= Try it =
Take the records below from their first line through the line holding "Bookcases of story books and readers.", and set each of those lines down exactly, without pictures.

= Task input =
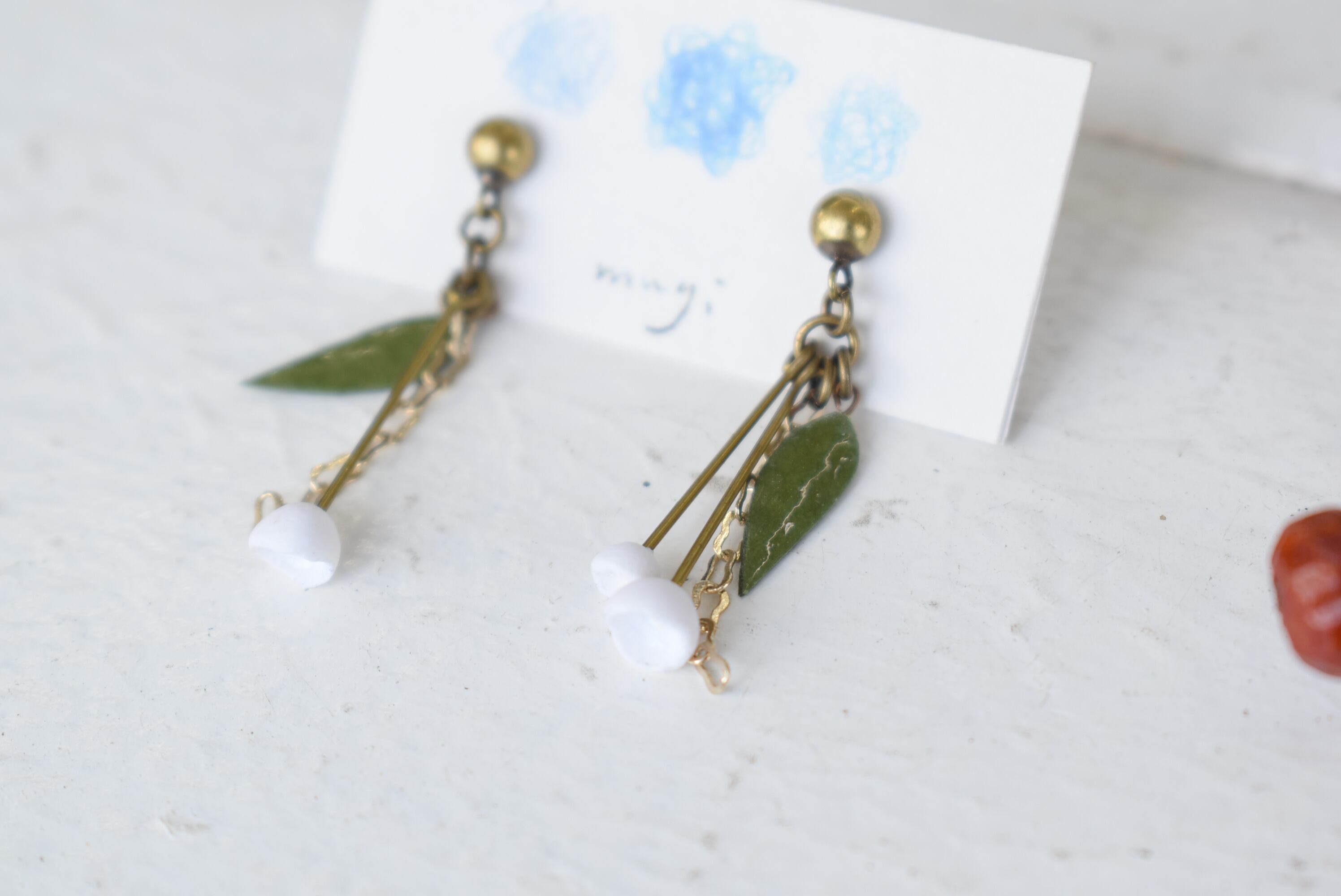 小ぶりなすずらんが可愛らしく揺れるピアスです。 優しく落ち着いた印象の素敵なアクセサリーです。【a157】【a157】 チタンピアス イヤリング変更可能 ハンドメイド&素人による撮影のため、実物の色や大きさが異なる場合がございます。 その点をご了承下さい。 イヤリングご希望の方は、ご購入の際に必ずご連絡を頂きますでしょうか。 イヤリングは金属タイプと樹脂タイプがございます。
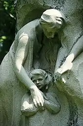 Nellie Verne Walker was born in Red Oak, Iowa, the daughter of Everett Walker, a stone carver and monument maker, and Rebecca Jane Lindsay Walker.[1][2][3] By the age of 17 she was allowed to use her father's tools and began making her own sculpture in her father's monument shop in Moulton, Iowa. Her first noteworthy work was a bust of Abraham Lincoln that was displayed at the Columbian Exposition in 1893,[1] as an exhibit in the Iowa Building there, labeled "The work of an Iowa Girl". She was to return to the theme of Lincoln again in her career. Unable to afford to go to art school, Walker worked as a legal secretary for six years before she could obtain enough money to attend the Art Institute of Chicago.
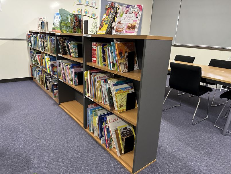 Bookcases of story books and readers.
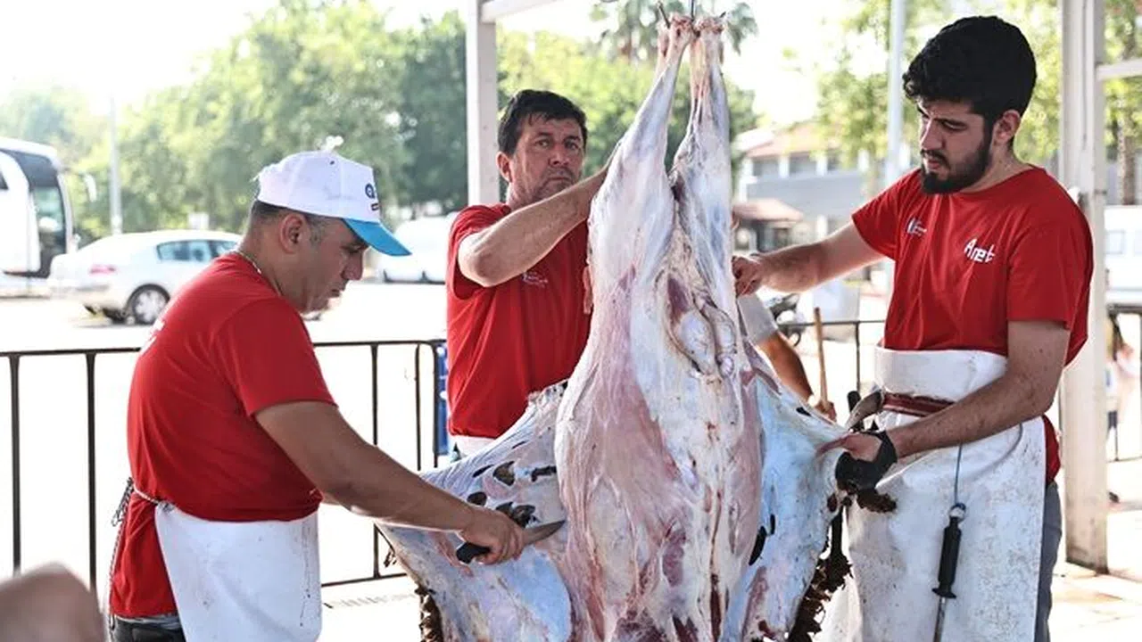 Antalya Büyükşehir Belediyesi Tarımsal Hizmetler Dairesi Başkanlığı’na bağlı veteriner hekimlerin denetiminde yürütülen kesim işlemleri, sıcak hava şartları da göz önünde bulundurularak hızlı ve temiz bir şekilde gerçekleştiriliyor. Antalyalılar, ücretsiz ve hijyenik ortamda sunulan bu hizmet için Büyükşehir Belediye Başkanı Muhittin Böcek ve belediye ekiplerine teşekkür etti.
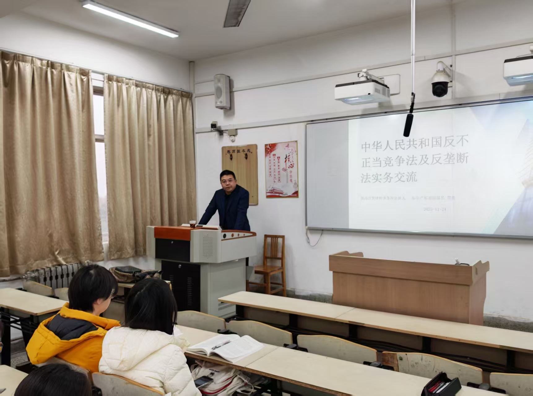 在交流互动环节,同学们热情高涨,围绕课程学习、法律实务难点以及行业发展前景等问题积极提问。贺鑫律师耐心细致地解答了同学们关于商业秘密认定、虚假宣传界定等专业疑问,深入分析了当下律师行业对法学专业人才的能力需求,并结合自身执业经历,从专业知识积累、实务技能提升、职业规划制定等方面,为同学们提供了切实可行的学习与就业建议。
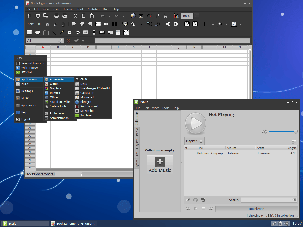 除了基本所需的文本编辑器、计算器、图像浏览、文件管理与档案管理外,Semplice Linux发行版还预装了很多有用的软件,例如Chromium浏览器、Claws Mail邮件客户端、XChat IRC以及Pidgin等聊天软件。另外,下载软件有gFTP和uGet,文档处理有GNU Paint、AbiWord、Gnumeric,娱乐播放有MPlayer、Exaile,刻录工具有xfburn,游戏子菜单下还有一个Tetris。
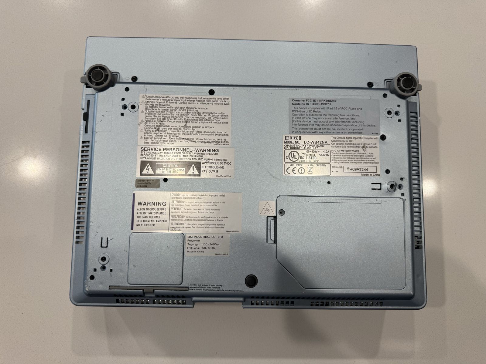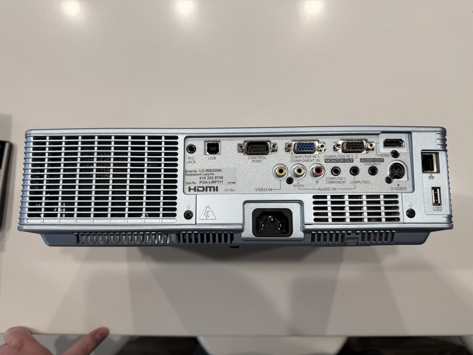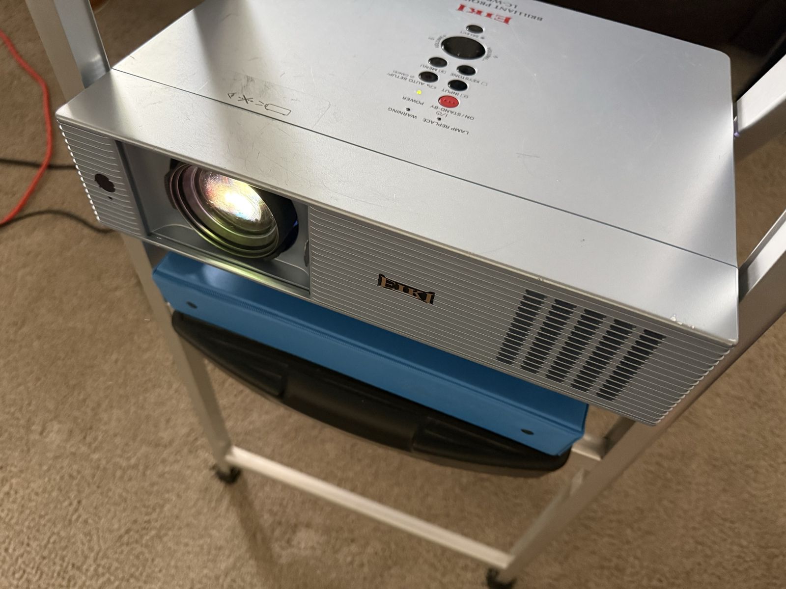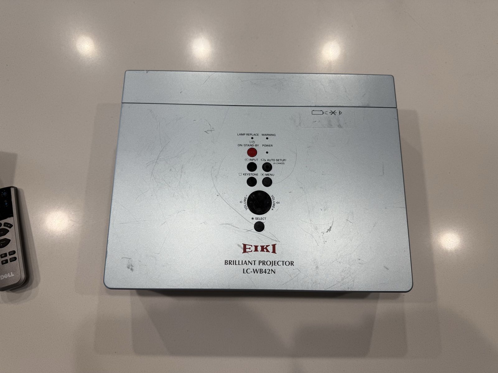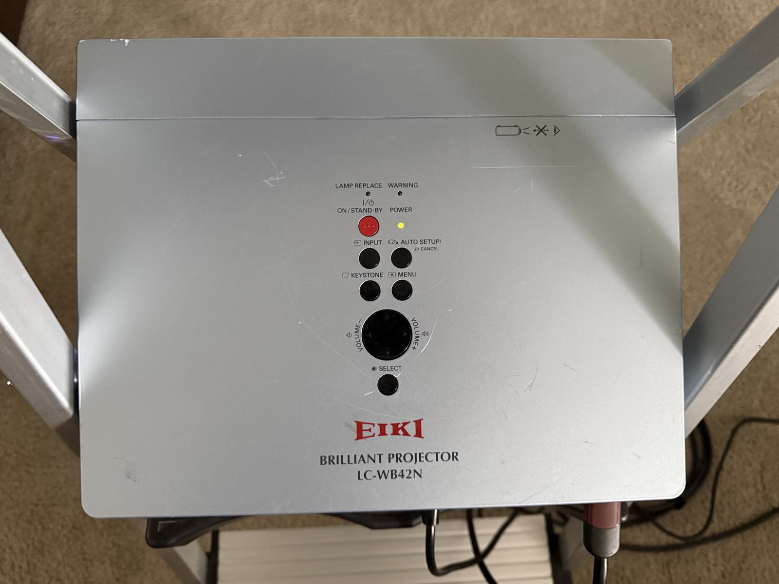 PayPalFunctional Eiki projector has silver casing and multiple input ports including VGA and HDMI. Unit has a brand new lamp with minimal lamp hours shown on the menu screen. It has top-mounted control buttons and manual focus ring around lens. Body has some light surface scratches from normal use. Comes with power cord. Would make a good indoor/outdoor movie projector. Price is OBO. I have other projectors for sale if this one doesn’t fit the bill. Just ask!

= Reply to the exercise =
 小ぶりなすずらんが可愛らしく揺れるピアスです。 優しく落ち着いた印象の素敵なアクセサリーです。【a157】【a157】 チタンピアス イヤリング変更可能 ハンドメイド&素人による撮影のため、実物の色や大きさが異なる場合がございます。 その点をご了承下さい。 イヤリングご希望の方は、ご購入の際に必ずご連絡を頂きますでしょうか。 イヤリングは金属タイプと樹脂タイプがございます。
 Nellie Verne Walker was born in Red Oak, Iowa, the daughter of Everett Walker, a stone carver and monument maker, and Rebecca Jane Lindsay Walker.[1][2][3] By the age of 17 she was allowed to use her father's tools and began making her own sculpture in her father's monument shop in Moulton, Iowa. Her first noteworthy work was a bust of Abraham Lincoln that was displayed at the Columbian Exposition in 1893,[1] as an exhibit in the Iowa Building there, labeled "The work of an Iowa Girl". She was to return to the theme of Lincoln again in her career. Unable to afford to go to art school, Walker worked as a legal secretary for six years before she could obtain enough money to attend the Art Institute of Chicago.
 Bookcases of story books and readers.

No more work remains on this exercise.